According to American Psychological Association APA (1987), personality refers to individual differences in characteristics patterns of thinking, feeling and behaviouring. It is the combination of characteristics or qualities that from an individual’s distinctive character. Personality is a set of individual characteristics that are affected by the developing of an individual values, attitudes, personal memories, social relationships habits and skills (Ryckman, 2004). Personality is what makes an individual who he/she is the individual differences in the way people tend to think, feel and behave (Pappas, 2013).

There are many ways to measure personality but psychologists have mostly focus on personality traits. The more widely accepted of these traits are the Big five personality trait which are;

-          Openness

-          Conscientiousness

-          Extraversion

-          Agreeableness

-          Neuroticism

Openness is shorthand for “openness to experience”. People who are high on enjoy adventure. They are curious and appreciate art, imagination and new things, the motto of open individual might be variety is the spice of life. People less in openness are just the opposite, they prefer to stick to their habits, avoid new experiences and probably aren’t the most adventurous eaters.
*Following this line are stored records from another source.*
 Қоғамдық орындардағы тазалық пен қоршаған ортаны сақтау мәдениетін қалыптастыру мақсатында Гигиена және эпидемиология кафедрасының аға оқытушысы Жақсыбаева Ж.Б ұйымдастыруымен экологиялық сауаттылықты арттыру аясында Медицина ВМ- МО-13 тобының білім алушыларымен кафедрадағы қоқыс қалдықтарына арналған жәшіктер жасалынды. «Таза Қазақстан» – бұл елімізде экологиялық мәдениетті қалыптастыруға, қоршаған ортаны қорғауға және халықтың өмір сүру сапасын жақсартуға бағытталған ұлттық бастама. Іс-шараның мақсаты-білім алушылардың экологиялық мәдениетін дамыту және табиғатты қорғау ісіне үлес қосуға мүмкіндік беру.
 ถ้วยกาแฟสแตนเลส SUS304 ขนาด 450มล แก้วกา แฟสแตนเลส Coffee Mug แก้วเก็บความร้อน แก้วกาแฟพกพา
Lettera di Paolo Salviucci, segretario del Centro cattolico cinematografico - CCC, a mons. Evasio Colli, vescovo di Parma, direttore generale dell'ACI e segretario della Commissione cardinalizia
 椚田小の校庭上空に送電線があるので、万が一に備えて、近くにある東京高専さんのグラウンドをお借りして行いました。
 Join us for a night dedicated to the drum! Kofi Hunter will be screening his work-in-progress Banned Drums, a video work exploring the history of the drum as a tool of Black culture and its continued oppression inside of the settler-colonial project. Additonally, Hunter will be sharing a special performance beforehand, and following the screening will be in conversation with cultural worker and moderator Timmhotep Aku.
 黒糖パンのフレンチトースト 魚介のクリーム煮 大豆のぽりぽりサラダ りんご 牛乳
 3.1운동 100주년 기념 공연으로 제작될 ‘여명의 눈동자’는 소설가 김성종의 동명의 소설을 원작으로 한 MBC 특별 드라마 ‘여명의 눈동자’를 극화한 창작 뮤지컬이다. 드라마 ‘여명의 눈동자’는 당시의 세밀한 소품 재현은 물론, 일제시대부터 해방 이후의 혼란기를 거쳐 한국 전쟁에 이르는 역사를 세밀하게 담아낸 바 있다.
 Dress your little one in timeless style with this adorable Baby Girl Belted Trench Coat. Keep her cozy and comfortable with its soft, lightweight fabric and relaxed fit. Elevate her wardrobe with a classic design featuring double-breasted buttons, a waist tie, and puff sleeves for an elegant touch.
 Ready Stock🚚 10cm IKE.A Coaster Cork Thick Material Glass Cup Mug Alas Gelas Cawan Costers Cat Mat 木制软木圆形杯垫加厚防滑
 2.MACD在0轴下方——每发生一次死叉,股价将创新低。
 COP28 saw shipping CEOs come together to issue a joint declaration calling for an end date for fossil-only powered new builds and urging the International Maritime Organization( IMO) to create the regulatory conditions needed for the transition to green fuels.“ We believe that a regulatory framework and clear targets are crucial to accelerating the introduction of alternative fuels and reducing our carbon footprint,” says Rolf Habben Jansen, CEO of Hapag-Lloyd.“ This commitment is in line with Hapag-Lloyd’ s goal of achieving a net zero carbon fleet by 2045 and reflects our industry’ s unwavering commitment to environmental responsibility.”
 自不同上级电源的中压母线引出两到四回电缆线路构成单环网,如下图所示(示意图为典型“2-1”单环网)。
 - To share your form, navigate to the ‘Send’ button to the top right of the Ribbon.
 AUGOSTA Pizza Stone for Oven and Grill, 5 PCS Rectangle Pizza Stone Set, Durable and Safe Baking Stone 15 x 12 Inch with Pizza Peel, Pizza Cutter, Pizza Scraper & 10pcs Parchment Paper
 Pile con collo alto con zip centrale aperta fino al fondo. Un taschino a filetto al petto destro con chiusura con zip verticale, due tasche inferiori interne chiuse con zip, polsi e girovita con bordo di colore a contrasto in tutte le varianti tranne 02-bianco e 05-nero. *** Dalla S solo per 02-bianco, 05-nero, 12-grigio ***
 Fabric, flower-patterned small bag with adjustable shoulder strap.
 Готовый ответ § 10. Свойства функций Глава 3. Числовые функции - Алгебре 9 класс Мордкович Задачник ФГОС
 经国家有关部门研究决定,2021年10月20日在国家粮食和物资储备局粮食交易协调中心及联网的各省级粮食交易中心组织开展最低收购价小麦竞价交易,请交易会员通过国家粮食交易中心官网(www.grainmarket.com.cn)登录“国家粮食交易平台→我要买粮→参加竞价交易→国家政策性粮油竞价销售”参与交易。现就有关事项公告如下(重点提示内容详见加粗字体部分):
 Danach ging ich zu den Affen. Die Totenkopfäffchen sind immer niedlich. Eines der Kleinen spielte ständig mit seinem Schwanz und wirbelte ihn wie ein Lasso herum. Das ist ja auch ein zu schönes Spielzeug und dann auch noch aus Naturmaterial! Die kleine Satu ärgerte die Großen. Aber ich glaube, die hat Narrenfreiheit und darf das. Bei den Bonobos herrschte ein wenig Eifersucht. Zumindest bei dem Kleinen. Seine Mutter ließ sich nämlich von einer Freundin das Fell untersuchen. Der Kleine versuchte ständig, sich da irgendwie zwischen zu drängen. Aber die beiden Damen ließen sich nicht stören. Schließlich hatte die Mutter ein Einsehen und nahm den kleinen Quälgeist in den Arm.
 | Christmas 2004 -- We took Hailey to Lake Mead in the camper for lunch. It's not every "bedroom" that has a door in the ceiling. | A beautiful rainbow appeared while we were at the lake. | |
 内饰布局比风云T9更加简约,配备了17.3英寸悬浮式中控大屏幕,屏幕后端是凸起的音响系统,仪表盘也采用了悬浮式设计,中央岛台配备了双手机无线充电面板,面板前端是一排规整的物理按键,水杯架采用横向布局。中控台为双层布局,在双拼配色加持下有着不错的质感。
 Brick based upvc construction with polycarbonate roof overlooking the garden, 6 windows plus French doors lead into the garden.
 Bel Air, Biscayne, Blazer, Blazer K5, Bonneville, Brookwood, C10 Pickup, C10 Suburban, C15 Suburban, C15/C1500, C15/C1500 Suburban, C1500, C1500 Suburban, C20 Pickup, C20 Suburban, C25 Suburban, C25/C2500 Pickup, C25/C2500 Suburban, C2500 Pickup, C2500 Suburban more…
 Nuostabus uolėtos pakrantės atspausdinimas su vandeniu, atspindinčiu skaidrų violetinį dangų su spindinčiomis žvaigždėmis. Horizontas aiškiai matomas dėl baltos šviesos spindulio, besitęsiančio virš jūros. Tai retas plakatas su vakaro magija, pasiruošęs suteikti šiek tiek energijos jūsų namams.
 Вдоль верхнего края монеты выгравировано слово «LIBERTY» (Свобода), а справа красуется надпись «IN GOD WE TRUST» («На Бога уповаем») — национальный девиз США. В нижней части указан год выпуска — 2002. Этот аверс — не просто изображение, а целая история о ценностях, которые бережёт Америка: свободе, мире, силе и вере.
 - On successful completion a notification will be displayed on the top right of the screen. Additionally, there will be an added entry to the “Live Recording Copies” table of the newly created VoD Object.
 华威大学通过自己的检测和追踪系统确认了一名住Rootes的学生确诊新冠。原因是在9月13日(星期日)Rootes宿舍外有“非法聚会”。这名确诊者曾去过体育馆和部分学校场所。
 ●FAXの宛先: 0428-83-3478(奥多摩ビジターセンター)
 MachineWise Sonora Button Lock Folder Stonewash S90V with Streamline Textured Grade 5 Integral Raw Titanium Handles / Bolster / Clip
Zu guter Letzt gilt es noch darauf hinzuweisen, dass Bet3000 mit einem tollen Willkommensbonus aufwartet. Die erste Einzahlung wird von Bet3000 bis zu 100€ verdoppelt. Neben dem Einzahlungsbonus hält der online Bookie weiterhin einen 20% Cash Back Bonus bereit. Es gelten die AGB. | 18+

Changing personality is usually considered a tough process, but openness is a personality trait that has been shown to be subject to change in adulthood.

People who are conscientious are organized and have a strong sense of duty. They are dependable, disciplined and achievement focused. A conscientious type does not of jet on round-the-world journey with only a back pack, they are planners. People low in conscientiousness are more spontaneous and free welling, they may tend toward carelessness.

Extroverts are social butterflies. Extroverts are chatty, sociable and draw energy from crowds. They tend to be assertive and cheerful in their social interactions. Shyness implies a fear of social interaction or an inability to function socially, introverts can be perfectly charming at parties. They just prefer solo or small group activities.

Agreeableness measures the extent of a person’s warmth and kindness. The more agreeable someone, is, the more likely they are to be trusting, helpful and compassionate. Disagreeable people are cold and suspicious of others and they are less likely cooperate.

            People high in neuroticism worry frequently and easily slip into anxiety and depression. If all is going well, neurotic people tends to find things to worry about. One 2012 study found that neurotic people with good salaries earned raises, the extra income actually made them less happy (Ignatius, 2013).

            In contrast, people who are low in neuroticism tend to be emotionally stable. Neuroticism is linked with plenty of bad health outcome; they die younger than the emotionally stable possible because they turn to tobacco and alcohol to ease their nerves (Stephanie, 2013).